ECLI:NL:RBDHA:2022:15930
Rechtbank Den Haag
- Eerste aanleg - enkelvoudig
- Rechtspraak.nl
Toetsing van nationale regels inzake gezinshereniging in het kader van verblijfsvergunningen
In deze zaak heeft de Rechtbank Den Haag op 27 januari 2023 uitspraak gedaan in een geschil tussen eiser, een Surinaamse man, en de staatssecretaris van Justitie en Veiligheid. Eiser had een aanvraag ingediend voor een verblijfsvergunning voor verblijf bij een Unieburger, maar deze aanvraag werd afgewezen. De rechtbank heeft de zaak behandeld naar aanleiding van het beroep dat eiser had ingesteld tegen het besluit van de staatssecretaris, dat op 26 juli 2022 was genomen. Eiser verblijft sinds 12 februari 2020 rechtmatig in Nederland op basis van een afgeleid verblijfsrecht, maar wilde een sterker verblijfsrecht verkrijgen door middel van zijn aanvraag.

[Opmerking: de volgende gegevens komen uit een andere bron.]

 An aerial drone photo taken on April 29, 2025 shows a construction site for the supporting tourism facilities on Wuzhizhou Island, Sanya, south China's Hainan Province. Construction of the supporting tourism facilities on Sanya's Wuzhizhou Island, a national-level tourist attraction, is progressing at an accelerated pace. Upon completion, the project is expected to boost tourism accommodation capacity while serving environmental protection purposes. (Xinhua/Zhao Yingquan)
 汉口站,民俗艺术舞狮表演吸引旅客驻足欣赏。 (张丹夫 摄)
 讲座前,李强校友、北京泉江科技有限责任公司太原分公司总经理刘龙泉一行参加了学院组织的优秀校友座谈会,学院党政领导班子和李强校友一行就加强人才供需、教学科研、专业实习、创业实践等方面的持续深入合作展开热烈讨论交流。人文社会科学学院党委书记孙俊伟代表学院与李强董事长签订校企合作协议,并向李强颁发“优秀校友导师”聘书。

De rechtbank heeft vastgesteld dat de staatssecretaris de aanvraag van eiser ten onrechte had afgewezen. De rechtbank oordeelde dat de staatssecretaris niet had beoordeeld of eiser op basis van nationale regels inzake gezinshereniging recht had op een verblijfsvergunning, ondanks het feit dat eiser al een afgeleid verblijfsrecht had. De rechtbank heeft het bestreden besluit vernietigd en de staatssecretaris opgedragen om binnen zes weken een nieuw besluit te nemen, waarbij rekening moet worden gehouden met de uitspraak van de rechtbank. Tevens is de staatssecretaris veroordeeld in de proceskosten van eiser en moet het betaalde griffierecht worden vergoed.

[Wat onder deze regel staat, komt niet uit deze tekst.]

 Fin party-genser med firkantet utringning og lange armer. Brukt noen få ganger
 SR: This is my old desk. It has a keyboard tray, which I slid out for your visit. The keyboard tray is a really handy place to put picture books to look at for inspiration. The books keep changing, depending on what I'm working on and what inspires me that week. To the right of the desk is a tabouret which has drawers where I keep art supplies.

De uitspraak benadrukt het belang van een zorgvuldige beoordeling van aanvragen voor verblijfsvergunningen, vooral in het licht van de rechten die voortvloeien uit Europese regelgeving. De rechtbank heeft de staatssecretaris erop gewezen dat de toekenning van een afgeleid verblijfsrecht niet automatisch betekent dat er geen recht op gezinshereniging bestaat, en dat dit zorgvuldig moet worden onderzocht.